[Items from a data source]

——————

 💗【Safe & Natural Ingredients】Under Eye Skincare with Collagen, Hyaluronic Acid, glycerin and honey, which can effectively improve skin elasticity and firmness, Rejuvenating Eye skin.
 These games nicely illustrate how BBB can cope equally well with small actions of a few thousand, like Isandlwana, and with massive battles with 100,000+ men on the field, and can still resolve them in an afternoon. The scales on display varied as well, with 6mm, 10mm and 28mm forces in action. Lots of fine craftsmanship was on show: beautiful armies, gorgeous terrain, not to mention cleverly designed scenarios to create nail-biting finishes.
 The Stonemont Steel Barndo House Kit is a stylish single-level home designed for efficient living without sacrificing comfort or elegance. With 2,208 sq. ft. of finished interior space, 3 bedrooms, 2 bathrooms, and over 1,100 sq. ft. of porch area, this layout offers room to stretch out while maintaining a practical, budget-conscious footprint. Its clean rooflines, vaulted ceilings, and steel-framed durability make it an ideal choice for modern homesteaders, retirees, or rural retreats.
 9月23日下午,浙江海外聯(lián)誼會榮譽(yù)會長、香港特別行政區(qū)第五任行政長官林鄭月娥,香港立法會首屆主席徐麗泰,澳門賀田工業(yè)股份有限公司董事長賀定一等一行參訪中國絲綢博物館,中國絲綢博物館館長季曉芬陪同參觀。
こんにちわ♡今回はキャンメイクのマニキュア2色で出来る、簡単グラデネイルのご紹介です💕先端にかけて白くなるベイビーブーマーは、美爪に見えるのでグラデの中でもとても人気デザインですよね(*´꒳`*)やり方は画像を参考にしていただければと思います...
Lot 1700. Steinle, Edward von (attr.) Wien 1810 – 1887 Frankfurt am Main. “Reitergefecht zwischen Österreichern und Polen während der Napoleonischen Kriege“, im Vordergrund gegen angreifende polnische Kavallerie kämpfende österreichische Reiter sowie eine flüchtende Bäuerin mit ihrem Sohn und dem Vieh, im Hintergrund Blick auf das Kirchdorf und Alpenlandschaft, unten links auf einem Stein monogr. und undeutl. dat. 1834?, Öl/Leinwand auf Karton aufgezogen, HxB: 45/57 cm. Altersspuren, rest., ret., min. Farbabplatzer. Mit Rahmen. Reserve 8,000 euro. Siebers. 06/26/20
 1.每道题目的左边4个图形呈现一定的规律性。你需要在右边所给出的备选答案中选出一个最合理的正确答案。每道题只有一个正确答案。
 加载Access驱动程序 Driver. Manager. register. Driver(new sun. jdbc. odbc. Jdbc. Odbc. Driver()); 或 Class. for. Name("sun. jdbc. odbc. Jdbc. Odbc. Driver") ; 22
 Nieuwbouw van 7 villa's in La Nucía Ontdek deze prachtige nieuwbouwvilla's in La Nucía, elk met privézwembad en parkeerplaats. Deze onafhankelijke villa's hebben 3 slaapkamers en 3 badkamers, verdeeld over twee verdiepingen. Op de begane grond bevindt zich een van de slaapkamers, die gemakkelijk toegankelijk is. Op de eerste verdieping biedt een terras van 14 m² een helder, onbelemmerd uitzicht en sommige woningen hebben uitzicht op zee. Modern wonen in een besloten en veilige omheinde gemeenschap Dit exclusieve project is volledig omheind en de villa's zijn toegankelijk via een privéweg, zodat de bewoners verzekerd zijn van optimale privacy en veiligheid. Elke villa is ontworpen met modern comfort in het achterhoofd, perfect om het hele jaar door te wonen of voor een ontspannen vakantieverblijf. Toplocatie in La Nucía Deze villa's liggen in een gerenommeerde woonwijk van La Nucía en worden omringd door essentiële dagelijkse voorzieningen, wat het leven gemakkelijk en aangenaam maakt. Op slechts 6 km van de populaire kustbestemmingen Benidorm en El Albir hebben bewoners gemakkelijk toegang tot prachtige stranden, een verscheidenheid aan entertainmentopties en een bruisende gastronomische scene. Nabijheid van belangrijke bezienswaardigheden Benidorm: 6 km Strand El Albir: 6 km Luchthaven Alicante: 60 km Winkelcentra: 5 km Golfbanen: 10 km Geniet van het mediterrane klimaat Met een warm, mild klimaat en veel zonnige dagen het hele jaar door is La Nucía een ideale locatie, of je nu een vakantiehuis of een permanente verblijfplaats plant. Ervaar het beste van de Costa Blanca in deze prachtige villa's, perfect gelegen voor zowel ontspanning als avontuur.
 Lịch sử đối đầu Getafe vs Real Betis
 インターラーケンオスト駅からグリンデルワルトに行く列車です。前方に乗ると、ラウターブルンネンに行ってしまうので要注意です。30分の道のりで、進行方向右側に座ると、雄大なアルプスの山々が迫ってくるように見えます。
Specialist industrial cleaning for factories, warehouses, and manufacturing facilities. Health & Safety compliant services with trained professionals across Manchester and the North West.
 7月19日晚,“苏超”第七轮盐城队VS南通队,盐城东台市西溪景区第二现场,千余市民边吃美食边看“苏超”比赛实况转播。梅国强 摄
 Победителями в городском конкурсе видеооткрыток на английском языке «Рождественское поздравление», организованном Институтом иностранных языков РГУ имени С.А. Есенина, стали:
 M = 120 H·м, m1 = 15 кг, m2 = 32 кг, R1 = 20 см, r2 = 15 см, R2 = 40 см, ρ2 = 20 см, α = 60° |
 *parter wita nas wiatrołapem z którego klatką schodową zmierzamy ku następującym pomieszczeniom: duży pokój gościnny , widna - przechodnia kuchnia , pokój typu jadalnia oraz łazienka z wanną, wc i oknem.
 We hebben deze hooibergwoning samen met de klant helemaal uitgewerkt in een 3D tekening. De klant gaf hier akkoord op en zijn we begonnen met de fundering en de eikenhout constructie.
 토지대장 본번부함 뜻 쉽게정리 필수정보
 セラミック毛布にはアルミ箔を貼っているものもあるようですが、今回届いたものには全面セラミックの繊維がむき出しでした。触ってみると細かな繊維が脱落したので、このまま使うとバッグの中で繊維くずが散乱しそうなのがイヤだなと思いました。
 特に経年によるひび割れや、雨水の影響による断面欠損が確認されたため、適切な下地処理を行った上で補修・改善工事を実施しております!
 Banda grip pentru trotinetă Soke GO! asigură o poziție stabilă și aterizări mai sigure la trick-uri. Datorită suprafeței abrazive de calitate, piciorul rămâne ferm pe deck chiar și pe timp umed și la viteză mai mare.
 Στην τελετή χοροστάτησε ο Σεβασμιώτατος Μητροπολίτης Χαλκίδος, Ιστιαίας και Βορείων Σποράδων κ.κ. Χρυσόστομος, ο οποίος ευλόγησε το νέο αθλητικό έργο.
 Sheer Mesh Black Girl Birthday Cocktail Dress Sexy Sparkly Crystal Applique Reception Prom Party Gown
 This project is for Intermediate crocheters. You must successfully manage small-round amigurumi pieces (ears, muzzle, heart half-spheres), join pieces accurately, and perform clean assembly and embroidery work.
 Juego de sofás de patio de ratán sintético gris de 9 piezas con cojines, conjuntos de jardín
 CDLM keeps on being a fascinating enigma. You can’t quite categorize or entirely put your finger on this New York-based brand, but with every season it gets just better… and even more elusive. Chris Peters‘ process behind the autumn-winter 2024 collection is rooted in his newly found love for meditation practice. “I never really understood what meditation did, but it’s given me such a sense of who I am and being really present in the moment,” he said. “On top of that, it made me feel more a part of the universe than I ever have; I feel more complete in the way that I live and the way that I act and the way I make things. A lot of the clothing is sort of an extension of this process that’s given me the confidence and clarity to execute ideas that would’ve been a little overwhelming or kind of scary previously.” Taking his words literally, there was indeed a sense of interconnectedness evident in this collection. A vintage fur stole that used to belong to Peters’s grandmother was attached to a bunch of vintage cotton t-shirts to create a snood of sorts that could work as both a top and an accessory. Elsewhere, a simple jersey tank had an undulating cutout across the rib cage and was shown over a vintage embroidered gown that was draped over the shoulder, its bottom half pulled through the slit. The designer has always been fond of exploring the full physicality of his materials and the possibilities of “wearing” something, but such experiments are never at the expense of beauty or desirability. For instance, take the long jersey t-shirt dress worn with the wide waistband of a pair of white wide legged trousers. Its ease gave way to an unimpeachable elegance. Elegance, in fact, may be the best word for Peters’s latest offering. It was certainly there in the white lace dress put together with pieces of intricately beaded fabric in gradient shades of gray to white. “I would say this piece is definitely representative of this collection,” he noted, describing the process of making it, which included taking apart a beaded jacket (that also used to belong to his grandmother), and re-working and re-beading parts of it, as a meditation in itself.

——————

Would you retype the lines above from the one with "We hebben deze" down to the one with "Juego de sofás", word for word, both ends included and no other lines?

 We hebben deze hooibergwoning samen met de klant helemaal uitgewerkt in een 3D tekening. De klant gaf hier akkoord op en zijn we begonnen met de fundering en de eikenhout constructie.
 토지대장 본번부함 뜻 쉽게정리 필수정보
 セラミック毛布にはアルミ箔を貼っているものもあるようですが、今回届いたものには全面セラミックの繊維がむき出しでした。触ってみると細かな繊維が脱落したので、このまま使うとバッグの中で繊維くずが散乱しそうなのがイヤだなと思いました。
 特に経年によるひび割れや、雨水の影響による断面欠損が確認されたため、適切な下地処理を行った上で補修・改善工事を実施しております!
 Banda grip pentru trotinetă Soke GO! asigură o poziție stabilă și aterizări mai sigure la trick-uri. Datorită suprafeței abrazive de calitate, piciorul rămâne ferm pe deck chiar și pe timp umed și la viteză mai mare.
 Στην τελετή χοροστάτησε ο Σεβασμιώτατος Μητροπολίτης Χαλκίδος, Ιστιαίας και Βορείων Σποράδων κ.κ. Χρυσόστομος, ο οποίος ευλόγησε το νέο αθλητικό έργο.
 Sheer Mesh Black Girl Birthday Cocktail Dress Sexy Sparkly Crystal Applique Reception Prom Party Gown
 This project is for Intermediate crocheters. You must successfully manage small-round amigurumi pieces (ears, muzzle, heart half-spheres), join pieces accurately, and perform clean assembly and embroidery work.
 Juego de sofás de patio de ratán sintético gris de 9 piezas con cojines, conjuntos de jardín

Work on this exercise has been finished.